(Source data)

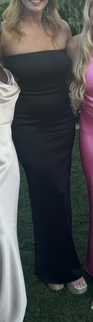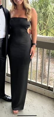 This dress was wonderful! I’ve always been averse to strapless/sleeveless because they always slide down and cause wardrobe malfunctions but this wasn’t a problem at all for this dress due to the strong elastic at the top. I danced the night away and the girls stayed contained just fine :) I felt like a bombshell, would totally rent this dress again for future fancy occasions. I got the sizes 4 and 6 as a backup but didn’t even end up having to try on the 6, the 4 fit like a glove. The material is snug but also stretchy/has some give to it if that makes sense, which made it very comfortable. I got tons of compliments and felt very fancy. 10/10 recommend!
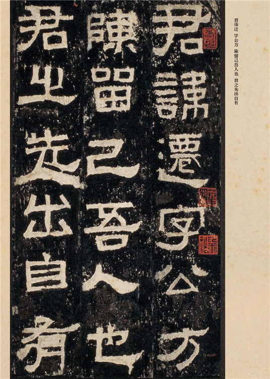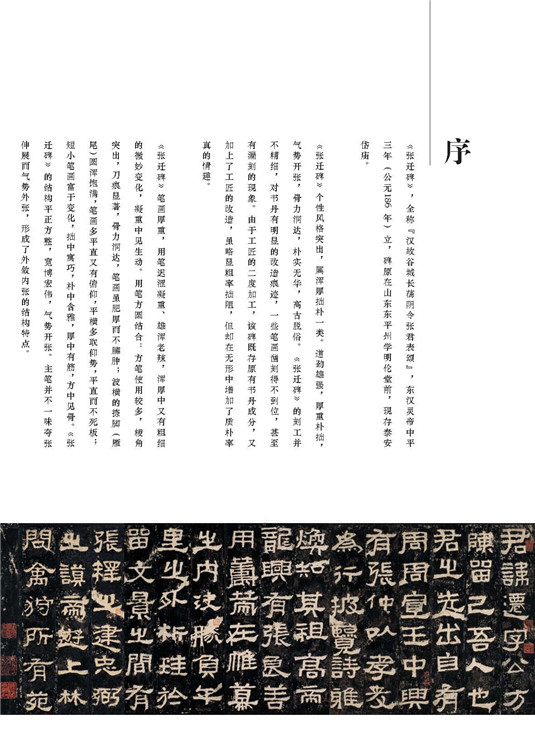 《張遷碑》個(gè)性風(fēng)格突出,屬渾厚拙樸一類。道勁雄強(qiáng),厚重樸拙,氣勢(shì)開張,骨力洞達(dá),樸實(shí)無華,高古脫俗。《張遷碑》的刻工并不精細(xì),對(duì)書丹有明顯的改造痕跡,一些筆畫鑿刻得不到位,甚至有漏刻的現(xiàn)象。由于工匠的二度加工,該碑既存原有書丹成分,又加上了工匠的改造,雖略顯粗率拙陋,但卻在無形中增加了質(zhì)樸率真的情趣。
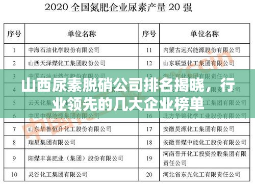 随着环保意识的日益增强和环保政策的不断升级,尿素脱硝技术已成为国内许多企业应对环保压力的重要手段之一,在山西省,众多尿素脱硝公司也应运而生,为保护环境、推动经济发展做出了积极贡献,本文将介绍山西尿素脱硝公司的排名,以便为需要选择合作伙伴的企业提供参考。
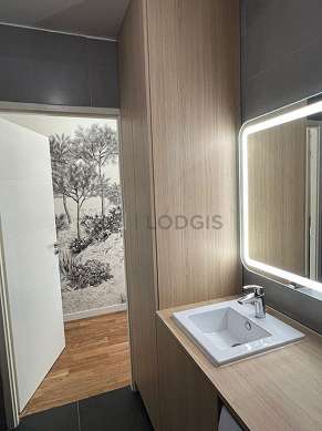 Este apartamento é equipado de uma casa de banho magnífico é muito clara. Esta sala de água dispõe do necessário pelo seu bem estar na sua vida quotidiana : toalhas de banho, roupeiro, prateleira, armário, ducheiro separado, secador, sink, radiator secador de toalhas. Os WC são integrados na casa de banho.
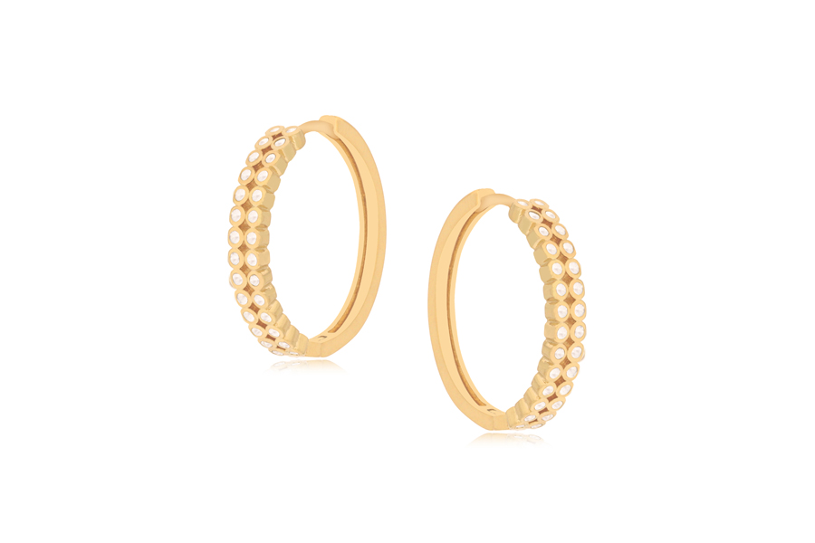 BRINCO BANHADO EM OURO, ASA CRAVEJADA DE BAGUETES E ZIRCÔNIAS REDONDAS NAS PONTAS, 21mm LARGURA

- Task goal -
Each line from the one containing "随着环保意识的日益增强和环保" through the last line of the entries above should be duplicated exactly, both included; leave out pictures and add nothing.

- Answer to the exercise -
 随着环保意识的日益增强和环保政策的不断升级,尿素脱硝技术已成为国内许多企业应对环保压力的重要手段之一,在山西省,众多尿素脱硝公司也应运而生,为保护环境、推动经济发展做出了积极贡献,本文将介绍山西尿素脱硝公司的排名,以便为需要选择合作伙伴的企业提供参考。
 Este apartamento é equipado de uma casa de banho magnífico é muito clara. Esta sala de água dispõe do necessário pelo seu bem estar na sua vida quotidiana : toalhas de banho, roupeiro, prateleira, armário, ducheiro separado, secador, sink, radiator secador de toalhas. Os WC são integrados na casa de banho.
 BRINCO BANHADO EM OURO, ASA CRAVEJADA DE BAGUETES E ZIRCÔNIAS REDONDAS NAS PONTAS, 21mm LARGURA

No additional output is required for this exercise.